§ **Try it**:
Every entry in the data is to be written out exactly; no picture belongs in the copy.

━━━ Dataset entries

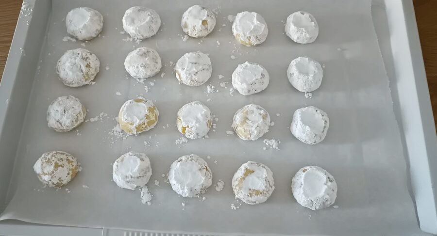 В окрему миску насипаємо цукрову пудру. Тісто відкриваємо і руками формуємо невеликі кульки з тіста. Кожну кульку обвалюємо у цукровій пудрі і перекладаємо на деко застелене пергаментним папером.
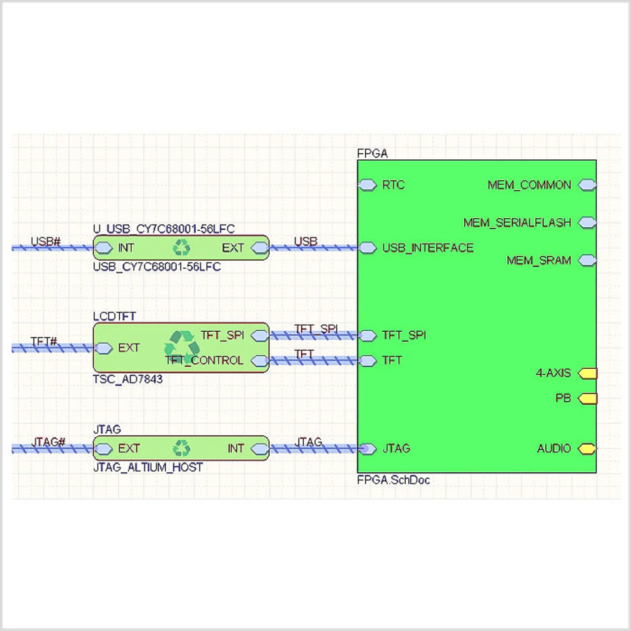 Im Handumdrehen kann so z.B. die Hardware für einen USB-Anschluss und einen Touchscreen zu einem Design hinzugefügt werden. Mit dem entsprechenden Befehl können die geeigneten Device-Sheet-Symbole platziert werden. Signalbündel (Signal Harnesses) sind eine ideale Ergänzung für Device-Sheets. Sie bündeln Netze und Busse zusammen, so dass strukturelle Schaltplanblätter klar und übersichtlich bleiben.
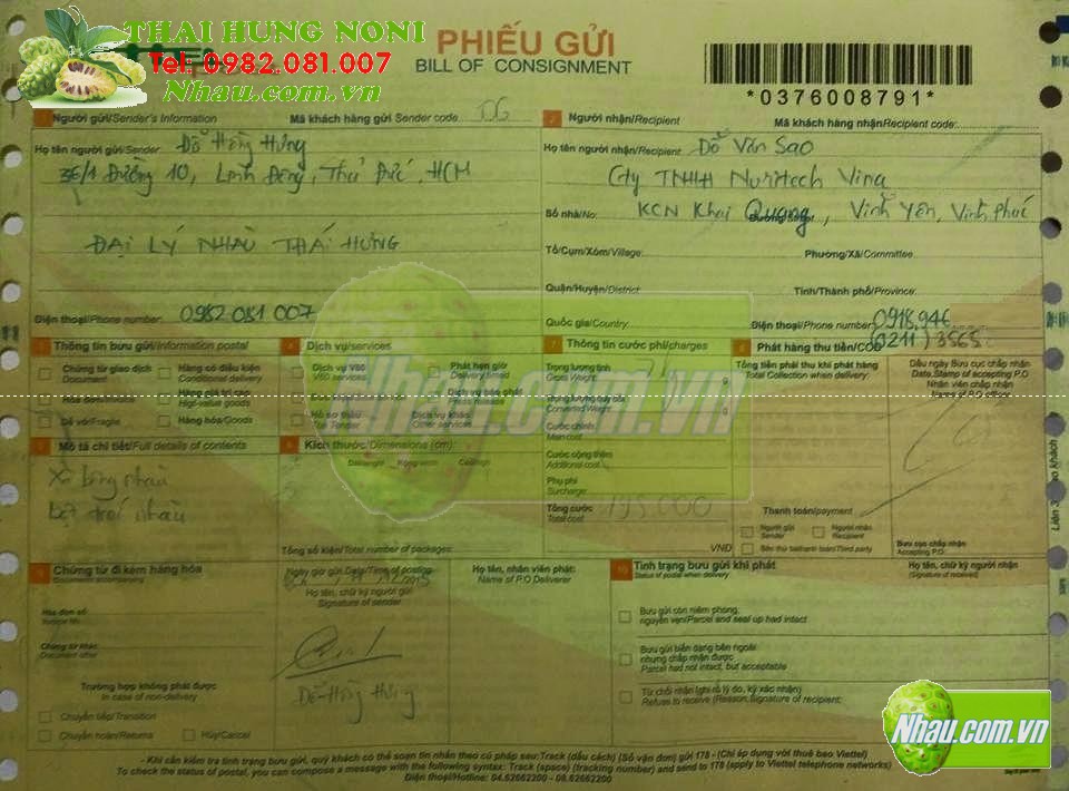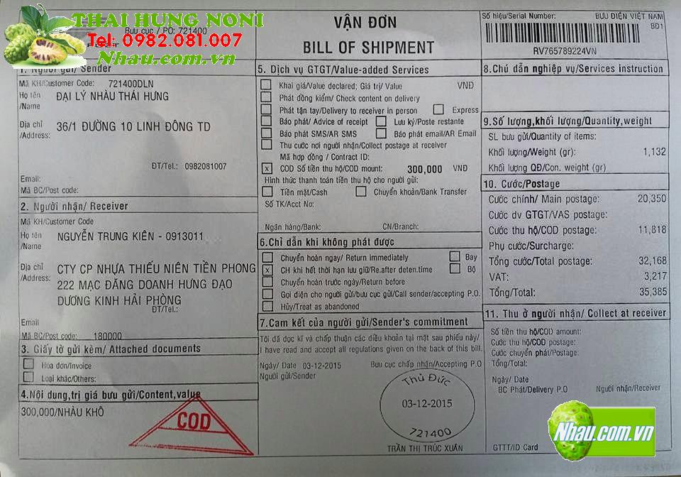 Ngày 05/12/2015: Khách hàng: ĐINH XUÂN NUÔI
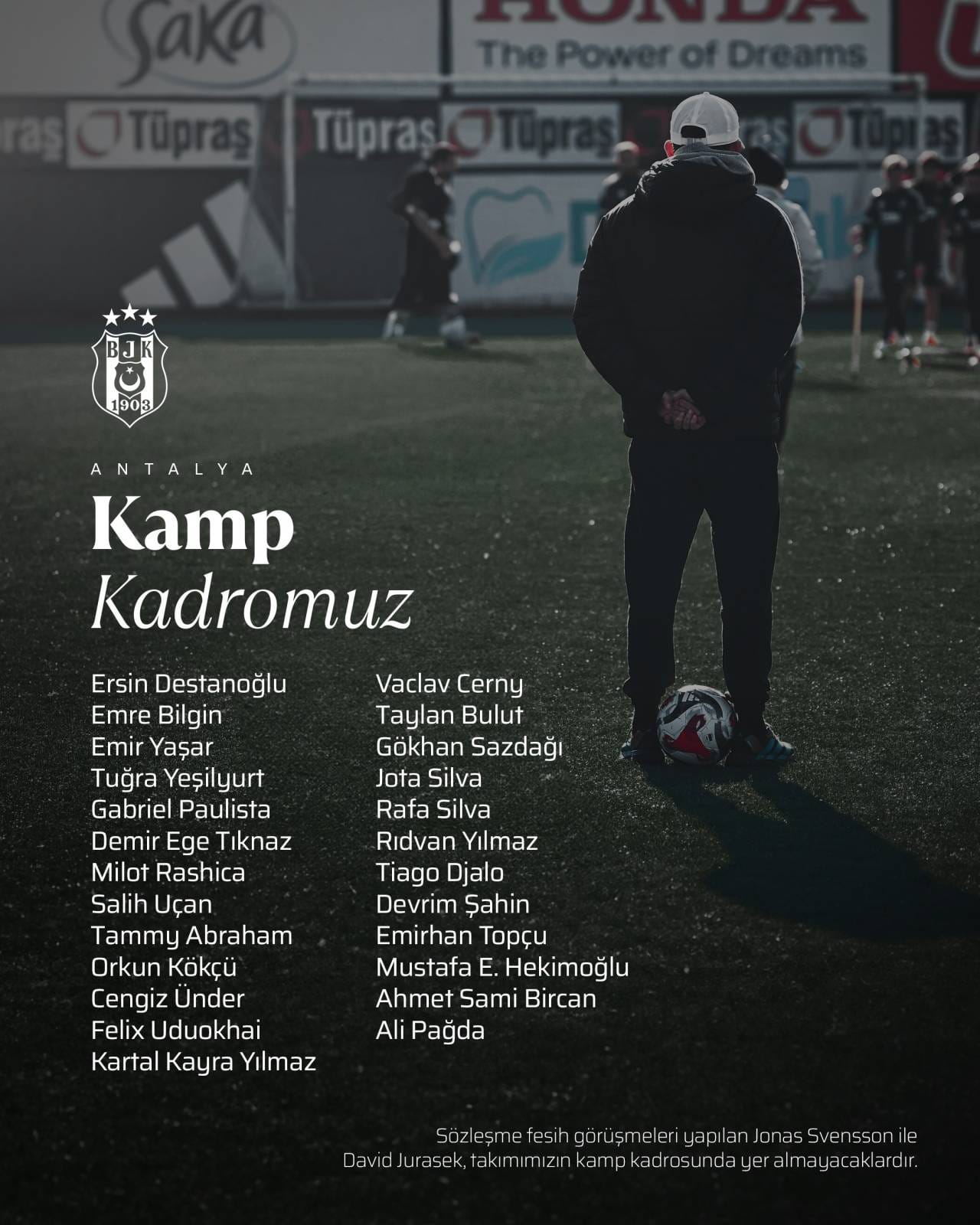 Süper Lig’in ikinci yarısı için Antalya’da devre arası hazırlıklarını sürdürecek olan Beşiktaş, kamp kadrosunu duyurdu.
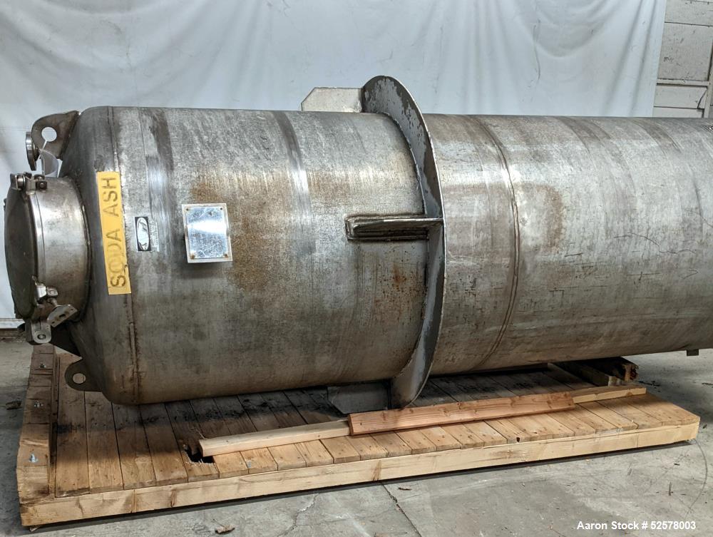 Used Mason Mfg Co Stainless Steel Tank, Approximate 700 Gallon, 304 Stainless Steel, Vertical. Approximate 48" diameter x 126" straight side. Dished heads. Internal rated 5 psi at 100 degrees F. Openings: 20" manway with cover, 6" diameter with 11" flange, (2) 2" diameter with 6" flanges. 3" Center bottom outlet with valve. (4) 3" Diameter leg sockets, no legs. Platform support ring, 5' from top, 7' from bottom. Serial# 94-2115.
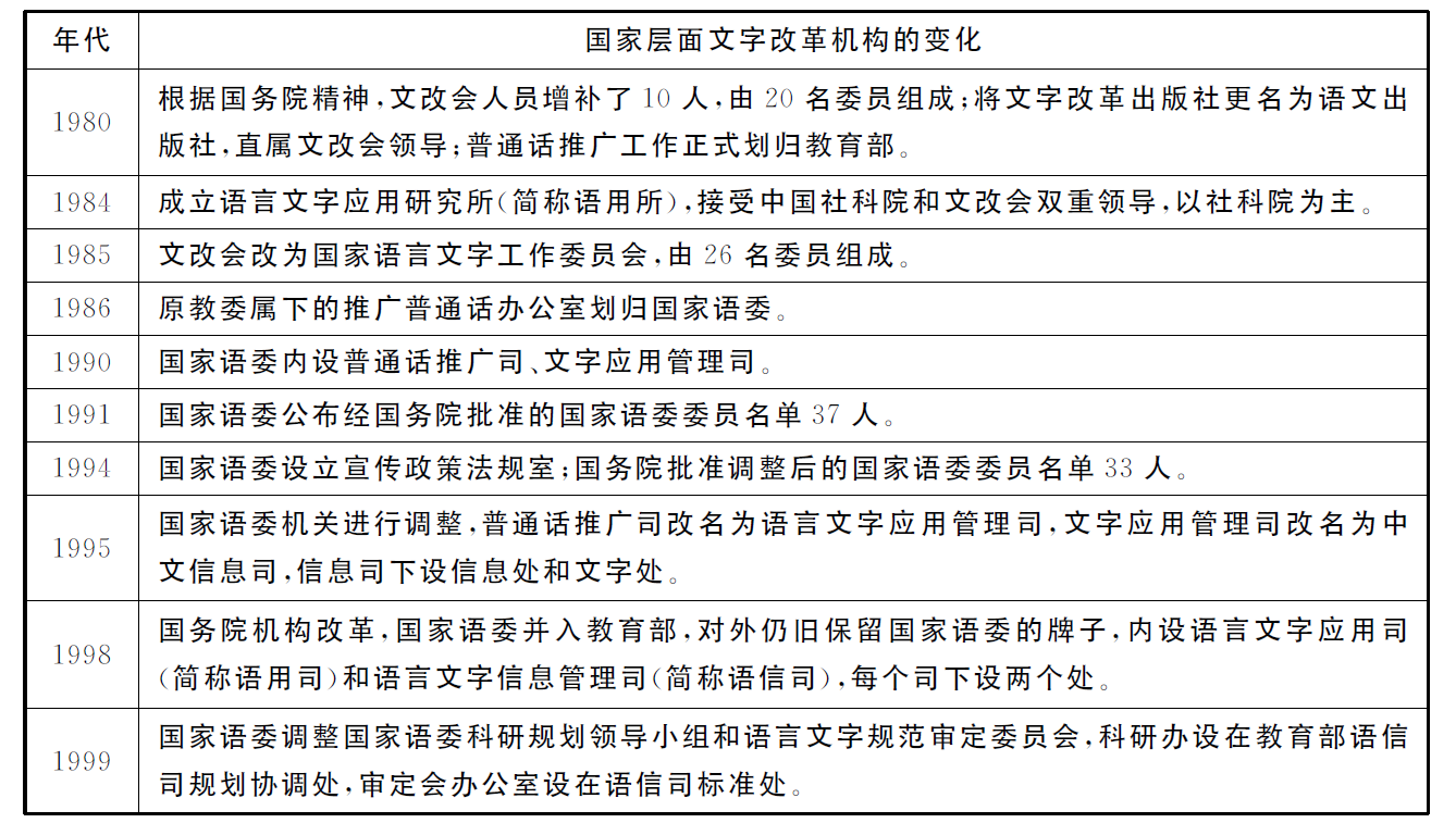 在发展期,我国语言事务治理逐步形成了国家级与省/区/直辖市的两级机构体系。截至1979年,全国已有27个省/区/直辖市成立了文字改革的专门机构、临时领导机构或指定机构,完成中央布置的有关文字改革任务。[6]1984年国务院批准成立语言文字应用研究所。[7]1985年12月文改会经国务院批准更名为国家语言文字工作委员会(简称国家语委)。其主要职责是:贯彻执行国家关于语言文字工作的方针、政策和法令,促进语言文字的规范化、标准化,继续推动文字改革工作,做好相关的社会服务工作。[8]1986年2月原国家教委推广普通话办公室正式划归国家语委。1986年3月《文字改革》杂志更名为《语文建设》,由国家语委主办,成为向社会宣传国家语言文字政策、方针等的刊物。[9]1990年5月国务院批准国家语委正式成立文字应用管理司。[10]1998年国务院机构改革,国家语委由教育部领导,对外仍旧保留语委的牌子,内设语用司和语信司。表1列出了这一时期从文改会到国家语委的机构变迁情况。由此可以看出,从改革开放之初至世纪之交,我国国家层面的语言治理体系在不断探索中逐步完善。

━━━━━━

§ **Result for this task**:
 В окрему миску насипаємо цукрову пудру. Тісто відкриваємо і руками формуємо невеликі кульки з тіста. Кожну кульку обвалюємо у цукровій пудрі і перекладаємо на деко застелене пергаментним папером.
 Im Handumdrehen kann so z.B. die Hardware für einen USB-Anschluss und einen Touchscreen zu einem Design hinzugefügt werden. Mit dem entsprechenden Befehl können die geeigneten Device-Sheet-Symbole platziert werden. Signalbündel (Signal Harnesses) sind eine ideale Ergänzung für Device-Sheets. Sie bündeln Netze und Busse zusammen, so dass strukturelle Schaltplanblätter klar und übersichtlich bleiben.
 Ngày 05/12/2015: Khách hàng: ĐINH XUÂN NUÔI
 Süper Lig’in ikinci yarısı için Antalya’da devre arası hazırlıklarını sürdürecek olan Beşiktaş, kamp kadrosunu duyurdu.
 Used Mason Mfg Co Stainless Steel Tank, Approximate 700 Gallon, 304 Stainless Steel, Vertical. Approximate 48" diameter x 126" straight side. Dished heads. Internal rated 5 psi at 100 degrees F. Openings: 20" manway with cover, 6" diameter with 11" flange, (2) 2" diameter with 6" flanges. 3" Center bottom outlet with valve. (4) 3" Diameter leg sockets, no legs. Platform support ring, 5' from top, 7' from bottom. Serial# 94-2115.
 在发展期,我国语言事务治理逐步形成了国家级与省/区/直辖市的两级机构体系。截至1979年,全国已有27个省/区/直辖市成立了文字改革的专门机构、临时领导机构或指定机构,完成中央布置的有关文字改革任务。[6]1984年国务院批准成立语言文字应用研究所。[7]1985年12月文改会经国务院批准更名为国家语言文字工作委员会(简称国家语委)。其主要职责是:贯彻执行国家关于语言文字工作的方针、政策和法令,促进语言文字的规范化、标准化,继续推动文字改革工作,做好相关的社会服务工作。[8]1986年2月原国家教委推广普通话办公室正式划归国家语委。1986年3月《文字改革》杂志更名为《语文建设》,由国家语委主办,成为向社会宣传国家语言文字政策、方针等的刊物。[9]1990年5月国务院批准国家语委正式成立文字应用管理司。[10]1998年国务院机构改革,国家语委由教育部领导,对外仍旧保留语委的牌子,内设语用司和语信司。表1列出了这一时期从文改会到国家语委的机构变迁情况。由此可以看出,从改革开放之初至世纪之交,我国国家层面的语言治理体系在不断探索中逐步完善。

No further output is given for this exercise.